> Your assignment
Print nothing beyond the line with "Zegarek - Czarny": every line from the beginning of the data up to it, that line included, and no pictures.

Exercise data: Begin

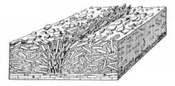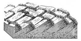 A 67. ábrán látunk olyán tundrát, amely tégla alakú hasábokra bomlott szét, a hasábok alsó része előre csúszott, s a hasábok szépen lefeküdtek. A 68. ábra mutatja mostani helyzetüket. Nagyon gyakori jelenség ez lankás lejtőkön, de igen különös látvány. Mintha óriási gőzeke szántotta volna föl a tundrát, de olyan csodálatos eke, amelyik igen szabályos, téglaalakú hantokat metsz ki.
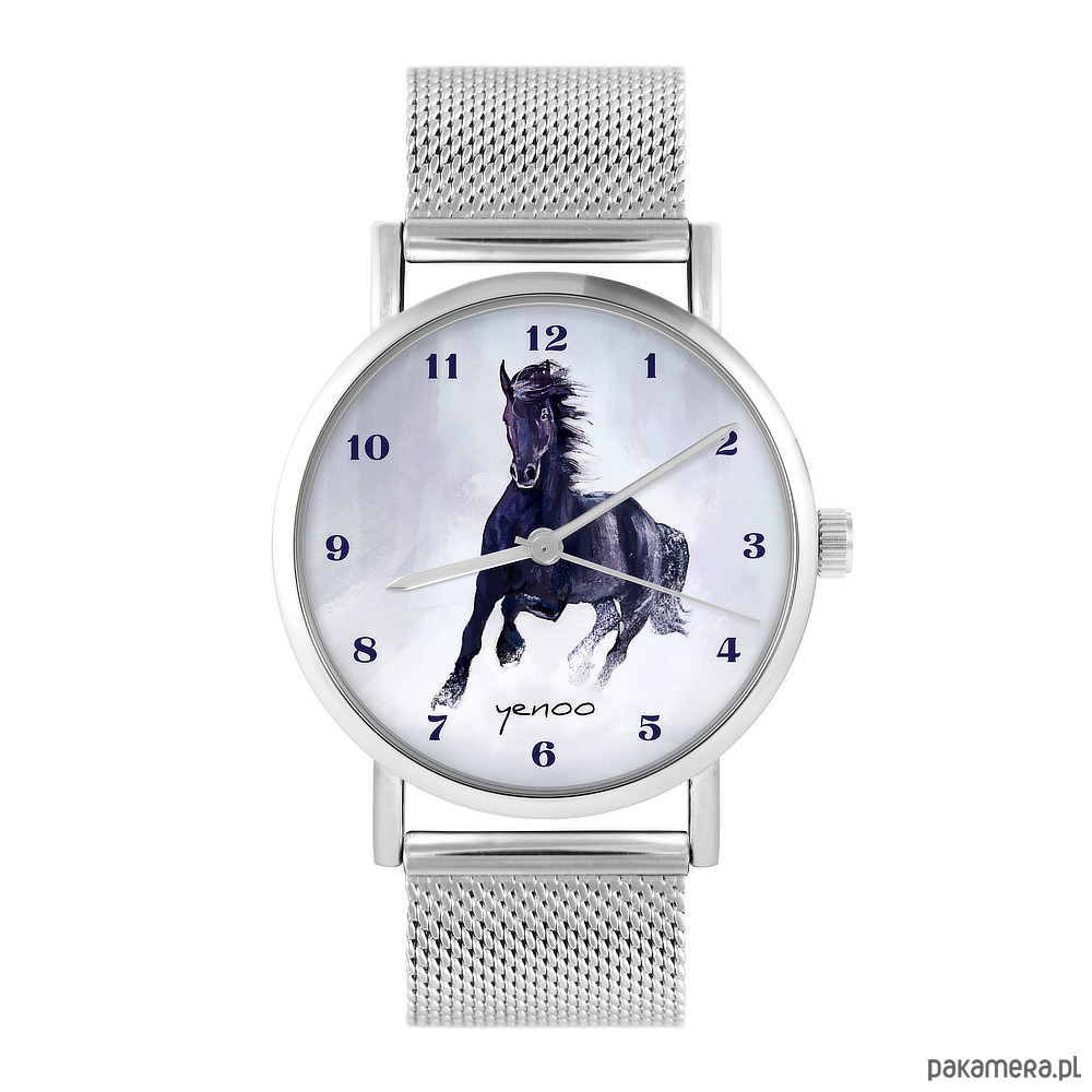 Zegarek - Czarny koń, cyfry - bransoleta mesh
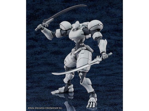 Plastic Sci-Fi/Animation Character Assembly Kit That is the choice of the world── Spirit of Samurai, finally made into a plastic model! From the popular game "High Mobility Fantasy Gun Parade March" comes MODEROID's first plastic model of the humanoid tank "Shikon-go Single Seater Type"! The figure is approximately 145mm in height with articulation at all joints. Two giant assault weapons, two super-hard swords and replaceable wrists are included. Each molded color and pre-colored parts allow you to recreate the color scheme of your image just by assembling the figure. Assembled plastic model Non-scale Height: approx. 145mm (C) Sony Interactive Entertainment Inc. (From Good Smile Company website)
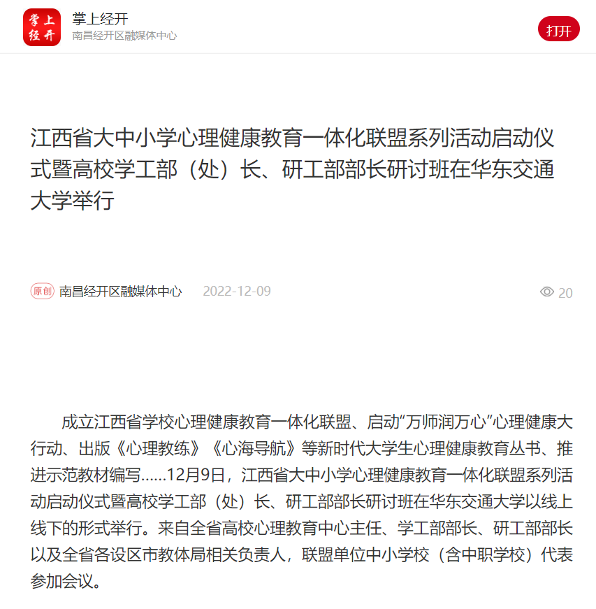 成立江西省学校心理健康教育一体化联盟、启动“万师润万心”心理健康大行动、出版《心理教练》《心海导航》等新时代大学生心理健康教育丛书、推进示范教材编写……12月9日,江西省大中小学心理健康教育一体化联盟系列活动启动仪式暨高校学工部(处)长、研工部部长研讨班在KY开元集团官网入口以线上线下的形式举行。来自全省高校心理教育中心主任、学工部部长、研工部部长以及全省各设区市教体局相关负责人,联盟单位中小学校(含中职学校)代表参加会议。

Exercise data: End

> Solution
 A 67. ábrán látunk olyán tundrát, amely tégla alakú hasábokra bomlott szét, a hasábok alsó része előre csúszott, s a hasábok szépen lefeküdtek. A 68. ábra mutatja mostani helyzetüket. Nagyon gyakori jelenség ez lankás lejtőkön, de igen különös látvány. Mintha óriási gőzeke szántotta volna föl a tundrát, de olyan csodálatos eke, amelyik igen szabályos, téglaalakú hantokat metsz ki.
 Zegarek - Czarny koń, cyfry - bransoleta mesh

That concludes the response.